Another approach that has been explored involves the intratracheal administration of corticosteroids (in an effort to avoid their unwelcome effects). A recent paper reported encouraging results of administering intratracheal budesonide mixed with surfactant [173]. At a time when we may still have our doubts about the use of systemic corticosteroids, this targeted therapy could prove a promising, readily accepted and effective strategy [174]. McEvoy et al. [175] evaluated the optimal safe dose of this treatment, showing a lung-targeted anti-inflammatory effect with a tenth of the previously used dose, with minimal systemic metabolic effects, and evidenced a systemic passage of the treatment, slightly reducing the enthusiasm about targeted therapy.

With the same goal in mind, aerosolized steroids have been the object of numerous studies. In one recent report, early use (within 24 h) of inhaled budesonide in extremely preterm newborns was found associated with a lower incidence of BPD. At two-year follow-up, the study found no differences in terms of neurodevelopmental disability, but the mortality was higher in a steroid-treated group [176,177,178]. However, the dose of inhaled corticosteroids used in this study was very high.

14.2. Growth Factors

Looking at the pathogenesis of BPD, growth factors (or their agonists and antagonists) would seem to have therapeutic potential. When the use of IGF−1 supplementation to prevent retinopathy of prematurity was examined, it achieved the encouraging secondary outcome of a reduction in the incidence and severity of BPD [96]. This led to the suggestion of a possible new therapeutic approach that is currently the object of a study by Takeda-Shire [179].

As for the involvement of angiogenesis in the development of BPD, the antenatal or postnatal inhibition of VEGF with a monoclonal antibody against soluble fms-like tyrosine kinase (sFlt−1) prompted an improvement in lung structure in an animal model of BPD [180].

The already cited wide exome sequencing study [47] could offer some new perspectives in this field, unraveling future new pathways to evaluate and target.
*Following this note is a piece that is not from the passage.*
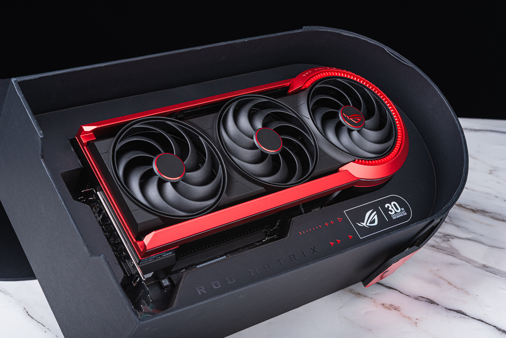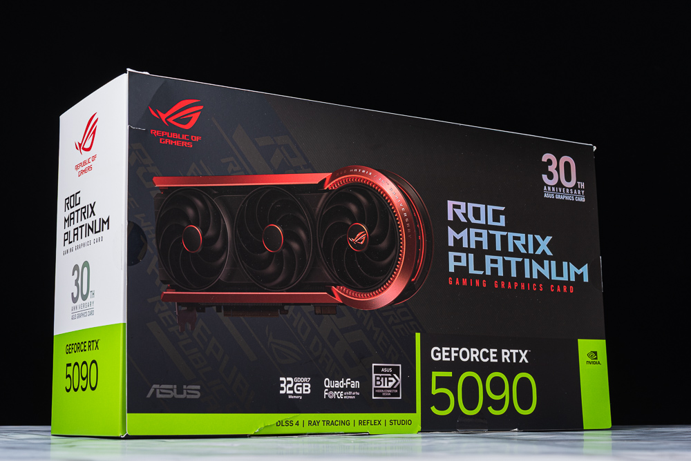 30 週年得來不易,華碩顯示卡如今已跨入而立之年,在這特別的日子對於顯卡廠商來說當然是推出一張能夠承襲經典、淬鍊完美的 30 週年紀念版「ROG Matrix Platinum GeForce RTX 5090」,以現代散熱頂級工藝呼應 ROG 第一張顯卡的散熱造型,利用自家 BTF 背插 GC-HPWR 與 12V-2×6 雙供電解鎖最高 800W GPU 功耗、GPU 時脈超頻至 2760 MHz,挑戰當代最強的風冷散熱卡王。

14.3. Mesenchymal Stem/Stromal Cells and Extracellular Vesicles

Several studies on BPD found a reduction in the population of resident stem cells in patients’ lungs [86,87,88]. This prompted the suggestion that such a phenomenon could have a role in the pathogenesis of BPD, and that replacing this cell population might help reverse the course of the disease. Mesenchymal stem/stromal cells (MSCs) have been investigated as a potential tool for preventing and treating many lung diseases. MSCs were originally described as stem cells, but it was later recognized that data to support such a functional designation are still lacking, so the term “stromal” was recommended by the International Society for Cellular Therapy [181]. MSCs are plastic-adherent cells with a multipotent differentiation capacity in vitro. They can be isolated from a variety of tissues, including bone marrow, fat, cord blood and tissue, and placenta [182]. They can modulate immune response, promote angiogenesis, and enhance regeneration and repair to protect tissues against a variety of injuries. These properties make MSCs an attractive therapeutic tool in regenerative medicine, particularly in pediatric diseases [183,184].
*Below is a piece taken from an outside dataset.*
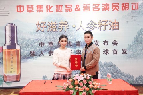 2017年12月6日,中草集化妆品总经理许明良与著名演员、著名主持人胡可签约,胡可正式成为中草集化妆品形象代言人。胡可早期凭借其清新、靓丽、自然亲和的风格备受多档热门节目观众的喜爱,后又通过自己的努力逐步在影视、话剧、综艺等领域崭露头角,在近期多档热播的节目中担当重要角色。其坚韧而温婉的性格、聪慧而优雅的外表与中草集低调务实的品牌特性与成为中国人放心且喜爱的民族品牌的使命感极度契合。

Kourembanas’ group [185] was the first to demonstrate the beneficial effects of intravenous MSCs or MSC-conditioned medium (CM) in an animal model of hyperoxia-induced BPD. Their promising results were confirmed by other investigators using intravenous, intratracheal [186,187,188,189,190,191,192,193,194] and, more recently, intraperitoneal [195] and intranasal [196] modes of administration. These treatments lowered the levels of inflammatory mediators like IL−6 and TNF-α [197], and the expression of angiotensin II, angiotensin II type 1 receptor, and angiotensin-converting enzyme [198], which are involved in the development of BPD. MSCs also improved alveolar structure and angiogenesis, attenuating lung fibrosis and inflammation, and increasing exercise capacity in animal models of BPD [186,187,190].

Intriguingly, the intratracheal administration of MSCs derived from human umbilical cord blood was found to attenuate both lung and brain injuries in rat pups exposed to hyperoxia [199], suggesting that local administration can have systemic effects. O’Reilly et al. [200] recently described how multiple doses of MSCs improved BPD-like lung injury, both early on and at a later stage of the disease.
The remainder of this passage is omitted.